* **Goal of the exercise**: The answer must be only the lines below from the one holding "2、坑口块煤价格情况。从本周" down to the one holding "وواصلت المشاركات لاحقًا", ends included, printed exactly; please omit all pictures.

* **Source information**:
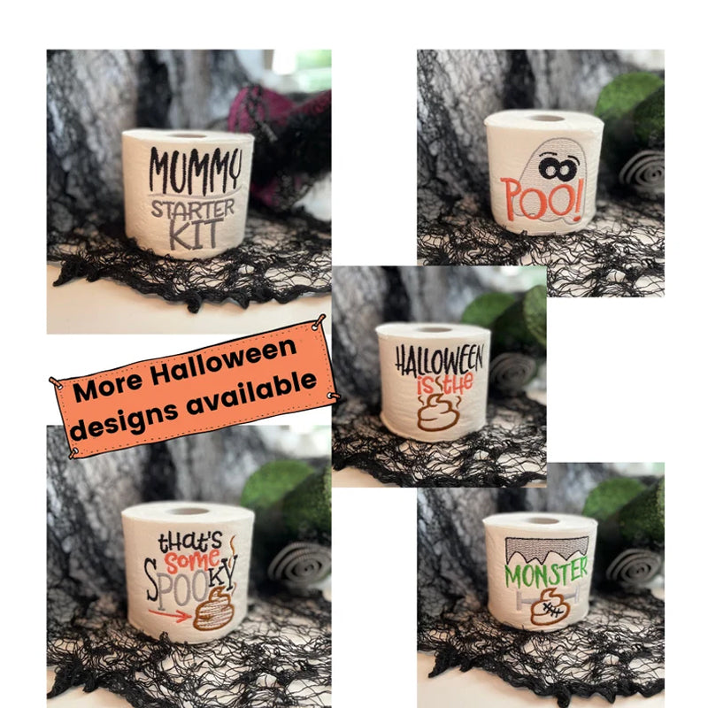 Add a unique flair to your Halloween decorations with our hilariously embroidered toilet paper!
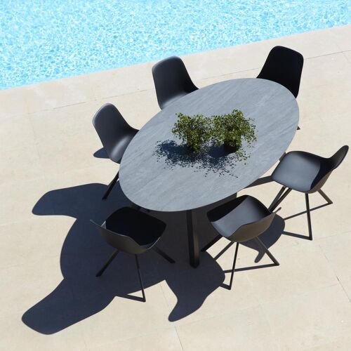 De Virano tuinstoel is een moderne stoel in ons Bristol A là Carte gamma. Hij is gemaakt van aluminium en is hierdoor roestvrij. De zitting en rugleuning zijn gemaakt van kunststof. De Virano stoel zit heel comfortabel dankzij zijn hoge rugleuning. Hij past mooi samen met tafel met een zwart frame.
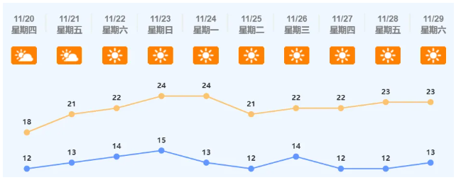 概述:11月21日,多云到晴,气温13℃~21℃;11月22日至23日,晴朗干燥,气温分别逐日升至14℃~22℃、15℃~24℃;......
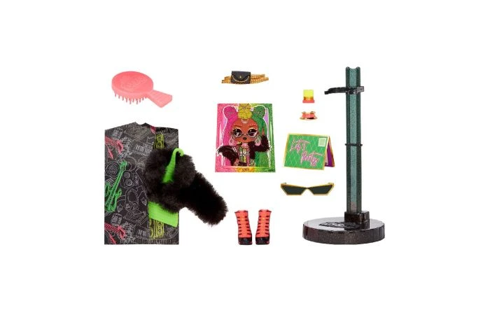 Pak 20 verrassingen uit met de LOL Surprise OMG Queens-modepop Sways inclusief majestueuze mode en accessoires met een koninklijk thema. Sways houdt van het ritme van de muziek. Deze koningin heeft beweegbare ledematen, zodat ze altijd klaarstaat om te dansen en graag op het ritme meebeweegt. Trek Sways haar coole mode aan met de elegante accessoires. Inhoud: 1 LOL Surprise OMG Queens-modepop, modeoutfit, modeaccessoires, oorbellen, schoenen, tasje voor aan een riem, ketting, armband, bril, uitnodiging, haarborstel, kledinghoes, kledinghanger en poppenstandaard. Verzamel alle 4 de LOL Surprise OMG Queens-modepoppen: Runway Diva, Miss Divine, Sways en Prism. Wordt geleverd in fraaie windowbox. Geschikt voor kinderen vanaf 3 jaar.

* * *

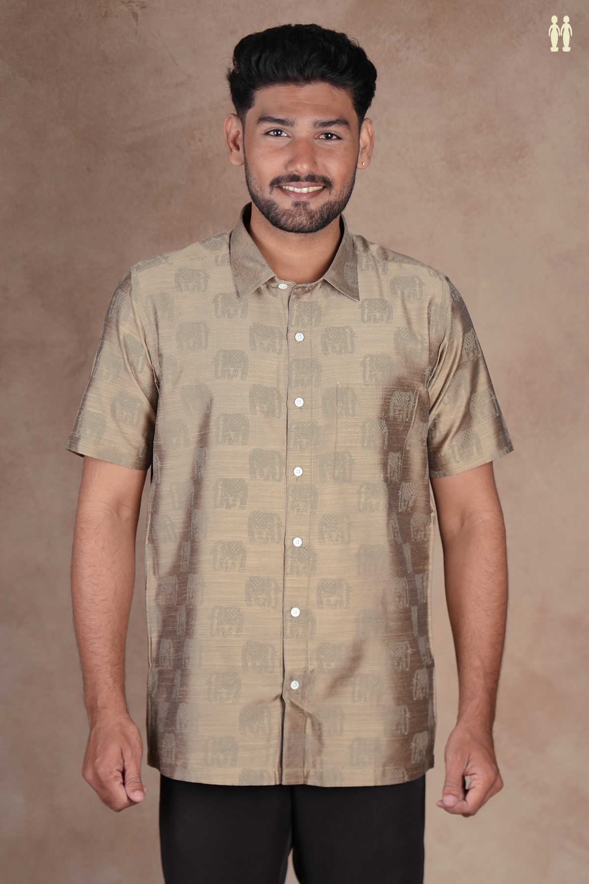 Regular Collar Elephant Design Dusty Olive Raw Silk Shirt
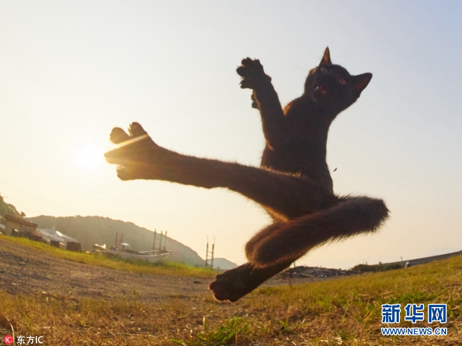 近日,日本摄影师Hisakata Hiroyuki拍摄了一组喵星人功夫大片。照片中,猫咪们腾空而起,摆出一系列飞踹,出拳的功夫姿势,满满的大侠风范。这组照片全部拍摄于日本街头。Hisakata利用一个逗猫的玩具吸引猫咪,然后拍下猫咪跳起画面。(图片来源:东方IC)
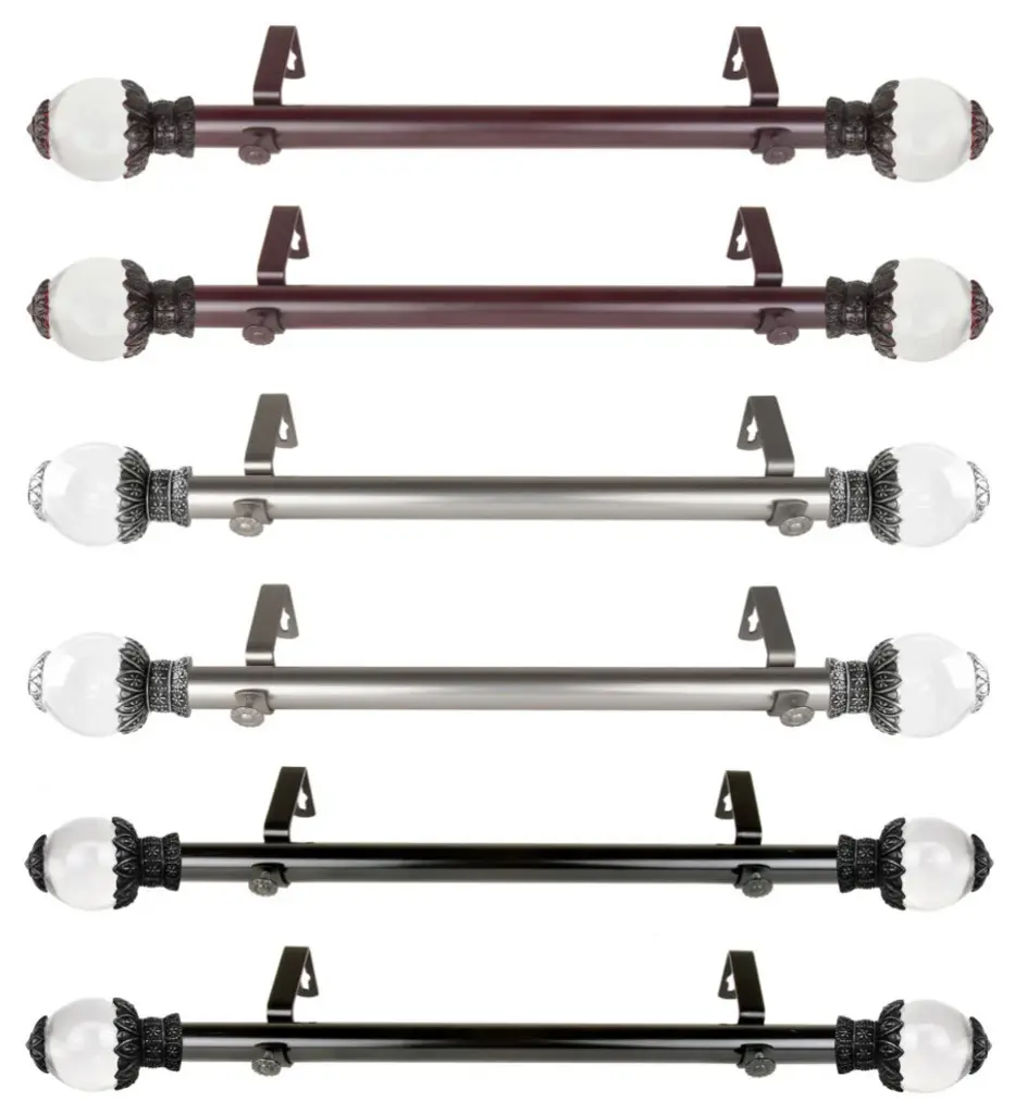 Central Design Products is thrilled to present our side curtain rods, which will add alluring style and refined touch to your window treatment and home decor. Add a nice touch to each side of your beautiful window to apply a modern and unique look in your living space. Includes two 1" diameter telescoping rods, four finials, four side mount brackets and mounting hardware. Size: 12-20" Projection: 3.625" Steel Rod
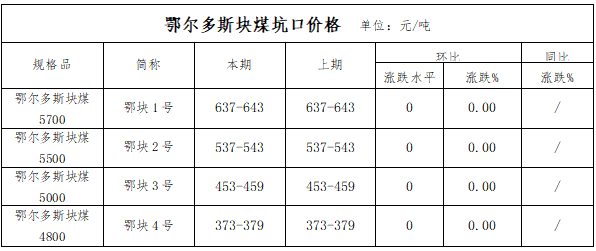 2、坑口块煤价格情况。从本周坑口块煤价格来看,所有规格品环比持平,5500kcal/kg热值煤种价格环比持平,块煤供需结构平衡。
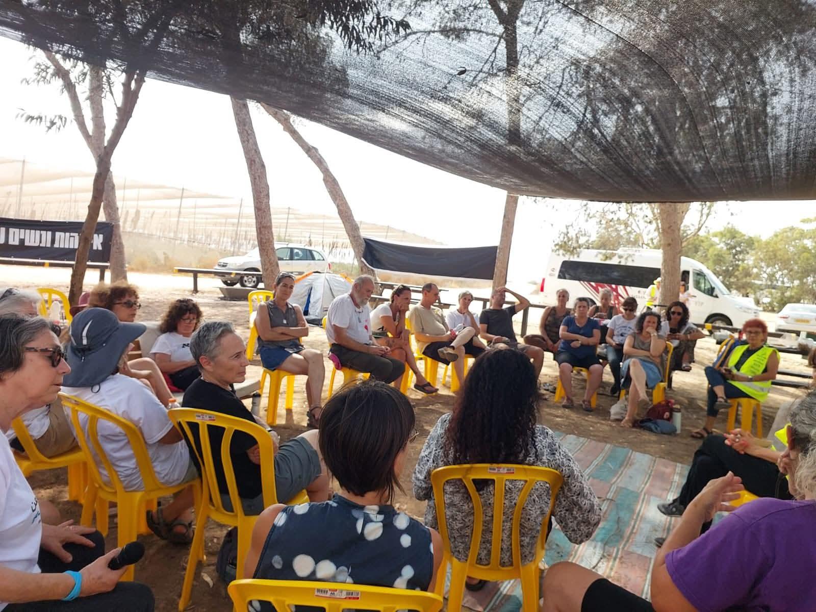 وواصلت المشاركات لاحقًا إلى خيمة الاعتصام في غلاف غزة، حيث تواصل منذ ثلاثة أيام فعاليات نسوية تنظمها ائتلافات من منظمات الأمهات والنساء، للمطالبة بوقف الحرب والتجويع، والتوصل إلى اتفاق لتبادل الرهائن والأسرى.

* **Result of this exercise**:
 2、坑口块煤价格情况。从本周坑口块煤价格来看,所有规格品环比持平,5500kcal/kg热值煤种价格环比持平,块煤供需结构平衡。
 وواصلت المشاركات لاحقًا إلى خيمة الاعتصام في غلاف غزة، حيث تواصل منذ ثلاثة أيام فعاليات نسوية تنظمها ائتلافات من منظمات الأمهات والنساء، للمطالبة بوقف الحرب والتجويع، والتوصل إلى اتفاق لتبادل الرهائن والأسرى.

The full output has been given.